## EXERCISE PROMPT
Copy the lines of the data below exactly, starting at the first and stopping after the line that contains "牛丼の具はレンジでチンするだけですが、そこにゆでたもやしをプラスして混ぜ混ぜ。"; include no pictures.

## SUPPLIED MATERIAL
- Opening Delimiter -

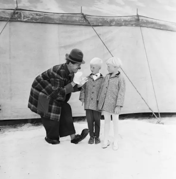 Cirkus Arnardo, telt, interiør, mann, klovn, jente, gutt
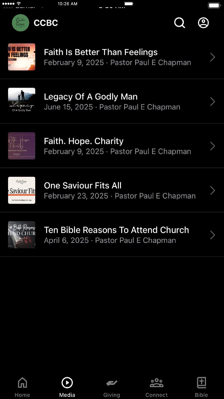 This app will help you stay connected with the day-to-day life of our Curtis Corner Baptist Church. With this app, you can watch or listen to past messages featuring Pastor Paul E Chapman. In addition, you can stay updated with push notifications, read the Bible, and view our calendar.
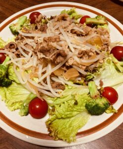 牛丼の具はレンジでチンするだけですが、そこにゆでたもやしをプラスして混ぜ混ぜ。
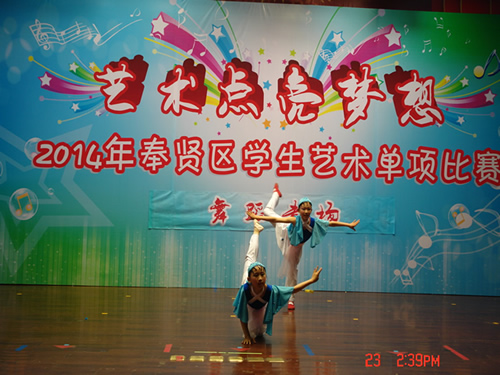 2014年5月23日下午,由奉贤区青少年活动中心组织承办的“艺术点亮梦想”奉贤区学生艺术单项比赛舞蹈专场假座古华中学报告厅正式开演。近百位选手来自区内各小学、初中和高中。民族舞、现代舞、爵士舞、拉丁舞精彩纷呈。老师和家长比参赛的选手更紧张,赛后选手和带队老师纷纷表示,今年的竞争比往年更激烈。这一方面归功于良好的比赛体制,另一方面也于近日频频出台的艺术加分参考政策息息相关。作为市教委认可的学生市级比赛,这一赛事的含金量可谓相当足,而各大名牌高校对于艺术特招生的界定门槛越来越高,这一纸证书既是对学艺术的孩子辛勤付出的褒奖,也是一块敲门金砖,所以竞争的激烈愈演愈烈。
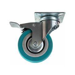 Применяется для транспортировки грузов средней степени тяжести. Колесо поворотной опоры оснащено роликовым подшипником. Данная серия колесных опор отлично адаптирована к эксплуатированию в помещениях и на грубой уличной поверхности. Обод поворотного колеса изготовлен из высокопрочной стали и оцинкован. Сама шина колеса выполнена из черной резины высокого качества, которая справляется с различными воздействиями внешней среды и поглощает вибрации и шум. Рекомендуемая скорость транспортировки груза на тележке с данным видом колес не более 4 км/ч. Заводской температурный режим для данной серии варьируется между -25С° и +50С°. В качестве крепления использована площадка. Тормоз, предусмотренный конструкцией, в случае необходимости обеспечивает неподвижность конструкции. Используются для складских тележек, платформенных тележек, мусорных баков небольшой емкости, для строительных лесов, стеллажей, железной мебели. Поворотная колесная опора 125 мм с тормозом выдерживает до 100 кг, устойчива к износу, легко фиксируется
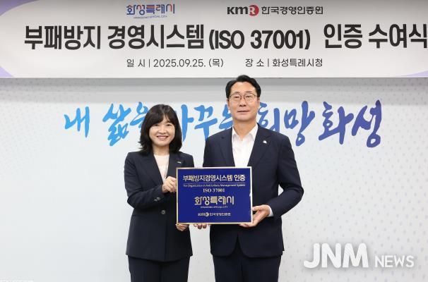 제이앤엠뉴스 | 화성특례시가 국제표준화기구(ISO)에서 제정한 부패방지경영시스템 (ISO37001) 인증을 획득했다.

- Closing Delimiter -

## EXERCISE SOLUTION
 Cirkus Arnardo, telt, interiør, mann, klovn, jente, gutt
 This app will help you stay connected with the day-to-day life of our Curtis Corner Baptist Church. With this app, you can watch or listen to past messages featuring Pastor Paul E Chapman. In addition, you can stay updated with push notifications, read the Bible, and view our calendar.
 牛丼の具はレンジでチンするだけですが、そこにゆでたもやしをプラスして混ぜ混ぜ。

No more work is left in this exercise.